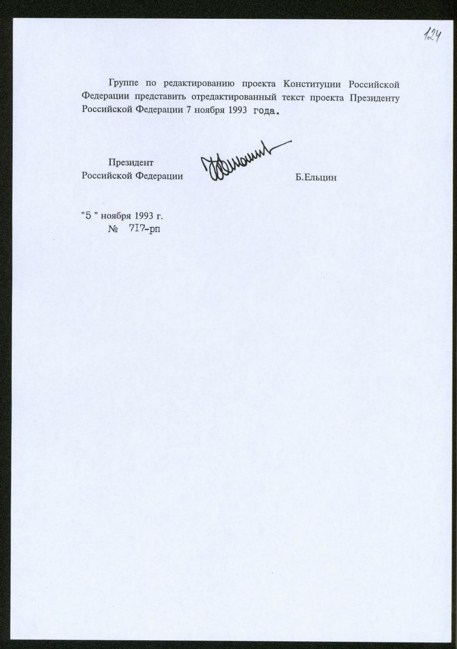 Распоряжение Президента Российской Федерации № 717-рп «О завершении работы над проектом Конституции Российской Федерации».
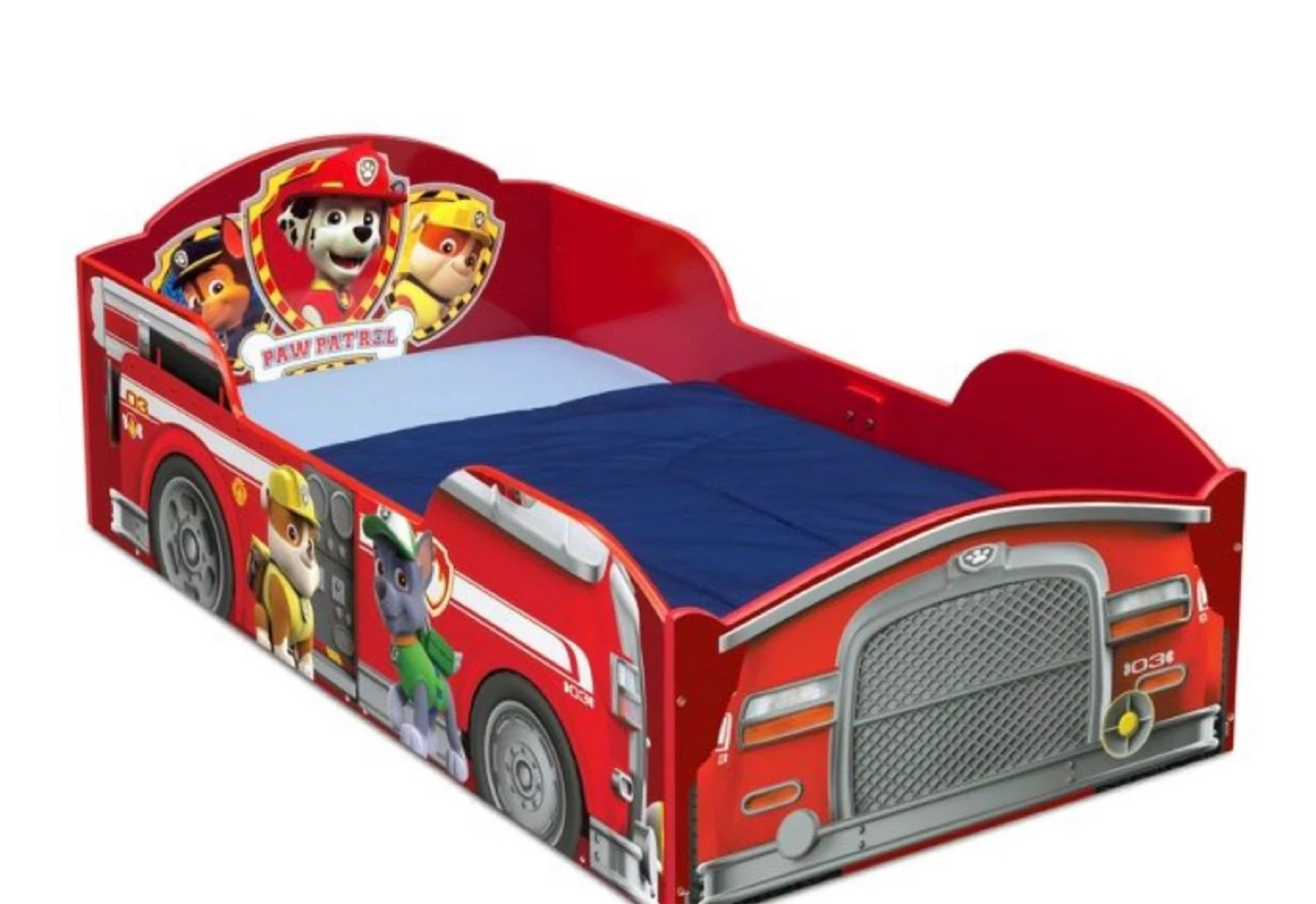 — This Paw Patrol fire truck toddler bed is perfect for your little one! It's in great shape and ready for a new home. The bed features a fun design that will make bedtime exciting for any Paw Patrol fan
■ ■ ■
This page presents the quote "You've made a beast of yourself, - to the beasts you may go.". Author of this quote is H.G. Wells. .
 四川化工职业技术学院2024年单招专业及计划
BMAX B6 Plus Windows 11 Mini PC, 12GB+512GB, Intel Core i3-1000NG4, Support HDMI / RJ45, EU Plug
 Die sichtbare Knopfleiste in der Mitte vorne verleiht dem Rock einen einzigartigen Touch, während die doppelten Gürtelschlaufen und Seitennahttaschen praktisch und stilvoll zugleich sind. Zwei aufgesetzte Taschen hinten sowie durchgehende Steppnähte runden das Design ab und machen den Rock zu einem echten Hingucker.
■ ■ ■
**What is being asked:** Please reproduce, exactly as they appear above, the lines from the line containing "四川化工职业技术学院2024年单招专业及计划" up to and including the line containing "Die sichtbare Knopfleiste".

**Answer to this task:**
 四川化工职业技术学院2024年单招专业及计划
BMAX B6 Plus Windows 11 Mini PC, 12GB+512GB, Intel Core i3-1000NG4, Support HDMI / RJ45, EU Plug
 Die sichtbare Knopfleiste in der Mitte vorne verleiht dem Rock einen einzigartigen Touch, während die doppelten Gürtelschlaufen und Seitennahttaschen praktisch und stilvoll zugleich sind. Zwei aufgesetzte Taschen hinten sowie durchgehende Steppnähte runden das Design ab und machen den Rock zu einem echten Hingucker.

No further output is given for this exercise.